Food Safety Focus (102nd Issue, January 2015) –
Incident in Focus
Atropine and Scopolamine in Foods
Reported by Mr. Johnny CHU, Scientific Officer,
Risk Assessment Section,
Centre for Food Safety
In December 2014, the Centre for Food Safety (CFS) received notification from the Rapid Alert System for Food and Feed of the European Commission (RASFF) that Holle Baby Food GmbH, a baby food manufacturer in Europe, had initiated a recall of certain batches of baby porridge because the products were detected with atropine and scopolamine at levels exceeding the maximum permitted level. This article discusses the occurrence, safety and regulation of atropine and scopolamine in foods.

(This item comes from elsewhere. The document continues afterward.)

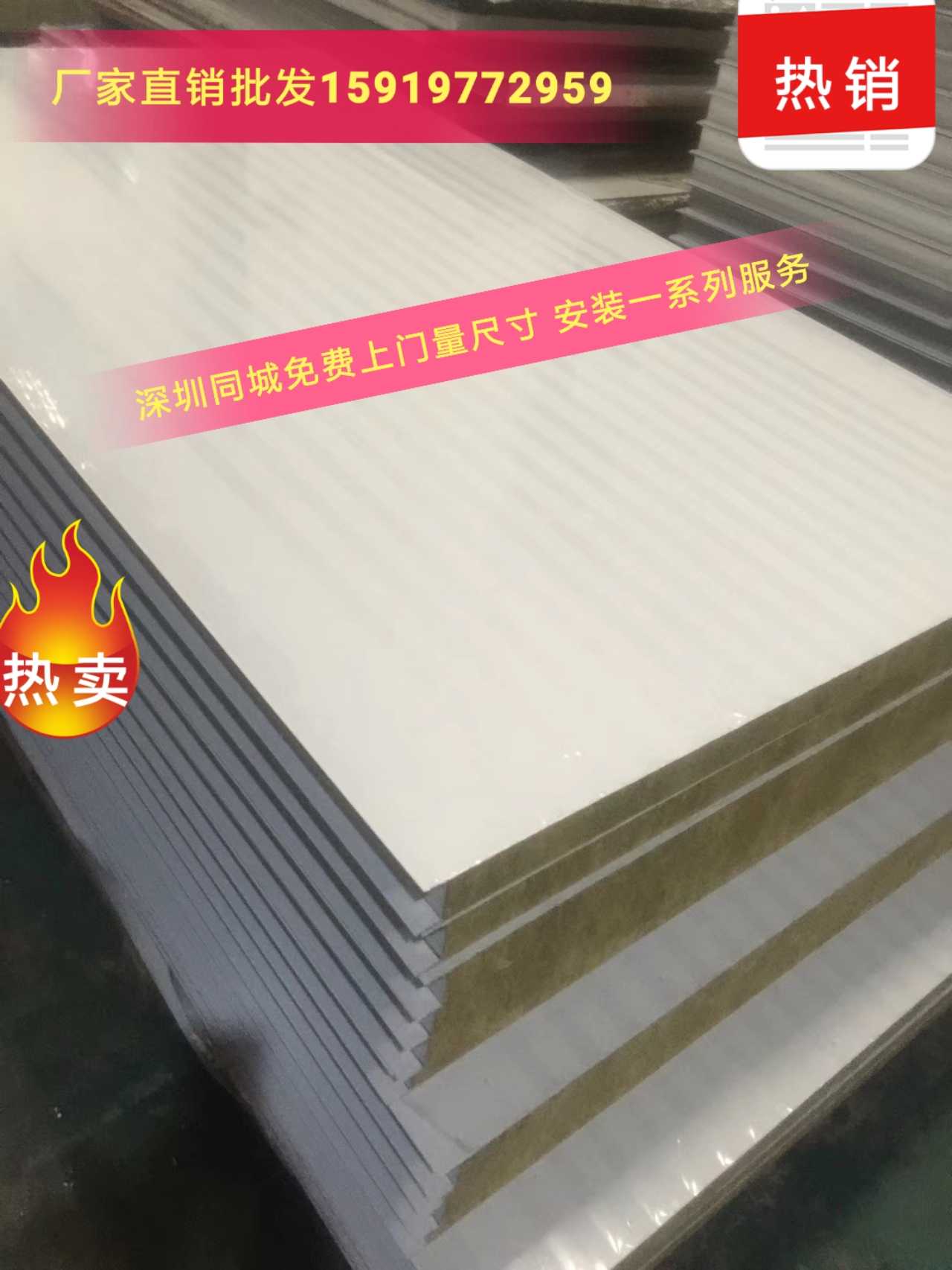Shenzhen Rock Wool Color Steel Sheet Partition Wall Fire Rock Wool Color Steel Sheet Foam Color Steel Sheet Glass Bomei Board Suspended Ceiling Wall Blocking Partition Wall
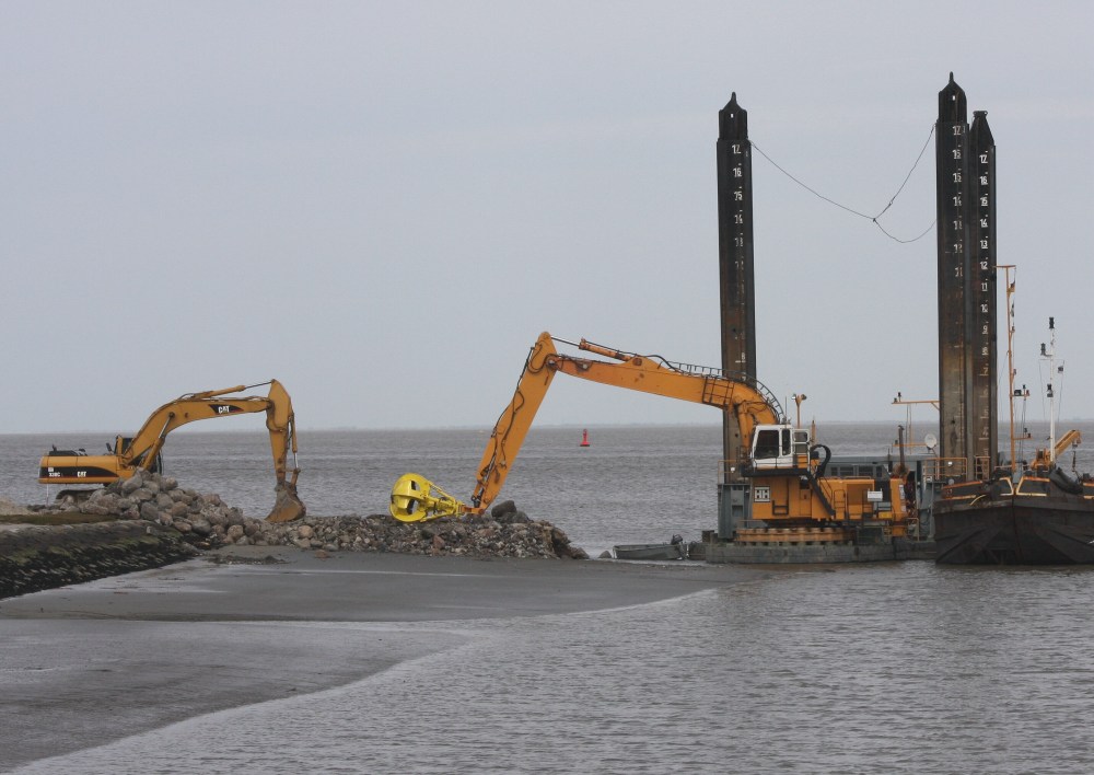 30.03.08: Kein leichter Job, die dicken Felsbrocken aus den Buhnen herauszuhauen...

What are Atropine and Scopolamine?
Atropine and scopolamine are alkaloids (organic basic substances) which naturally occur in plants of several families. The chemicals can be found in all parts of these plants and are responsible for the toxic effects of the plants. In fact, they play an important role in protecting the plants against being eaten by herbivores.
Plant extracts containing atropine and scopolamine have been used for centuries in human medicine. For example, atropine and scopolamine may be used to treat nausea and motion sickness, intestinal cramping, and for dilating pupils for eye examination.
Occurrence in Foods
In general, common crops grown for human consumption do not contain atropine or scopolamine. Hence, poisoning associated with the consumption of foods is usually the result of contamination of grain crops with seeds of the alkaloid-containing plants.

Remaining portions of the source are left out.